[Opening Material for this exercise section]

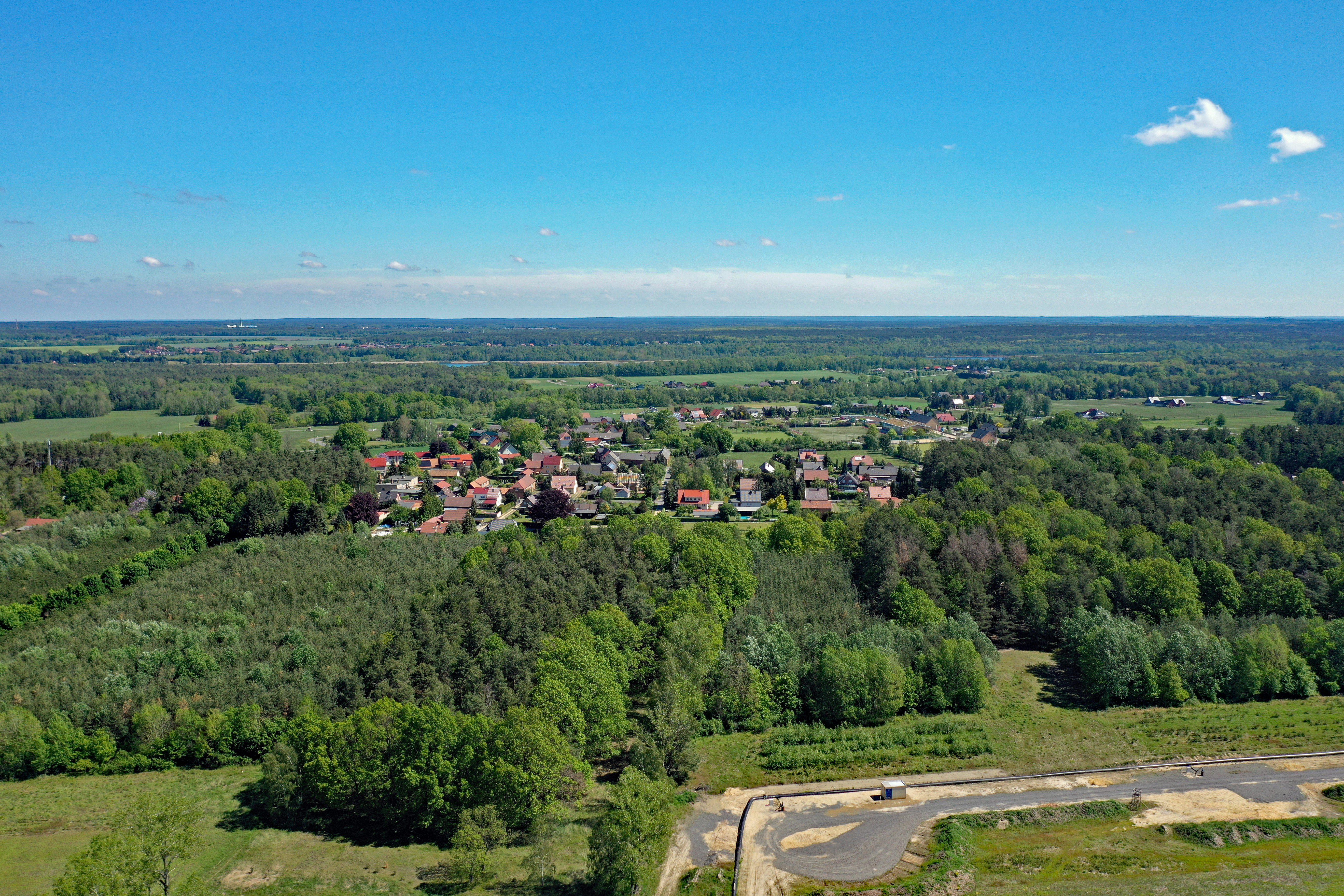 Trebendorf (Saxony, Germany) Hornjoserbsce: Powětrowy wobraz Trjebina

[Closing Material for this exercise section]
[Opening Material for this exercise section]

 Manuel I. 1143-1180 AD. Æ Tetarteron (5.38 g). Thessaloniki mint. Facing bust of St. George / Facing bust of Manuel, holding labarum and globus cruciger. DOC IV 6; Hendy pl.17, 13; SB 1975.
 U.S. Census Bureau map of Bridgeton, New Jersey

[Closing Material for this exercise section]

What the task asks: From the line that has "Manuel I. 1143-1180" through the line that has "U.S. Census Bureau", copy every line exactly as it appears above, and leave out all others.

Solution for this task:
 Manuel I. 1143-1180 AD. Æ Tetarteron (5.38 g). Thessaloniki mint. Facing bust of St. George / Facing bust of Manuel, holding labarum and globus cruciger. DOC IV 6; Hendy pl.17, 13; SB 1975.
 U.S. Census Bureau map of Bridgeton, New Jersey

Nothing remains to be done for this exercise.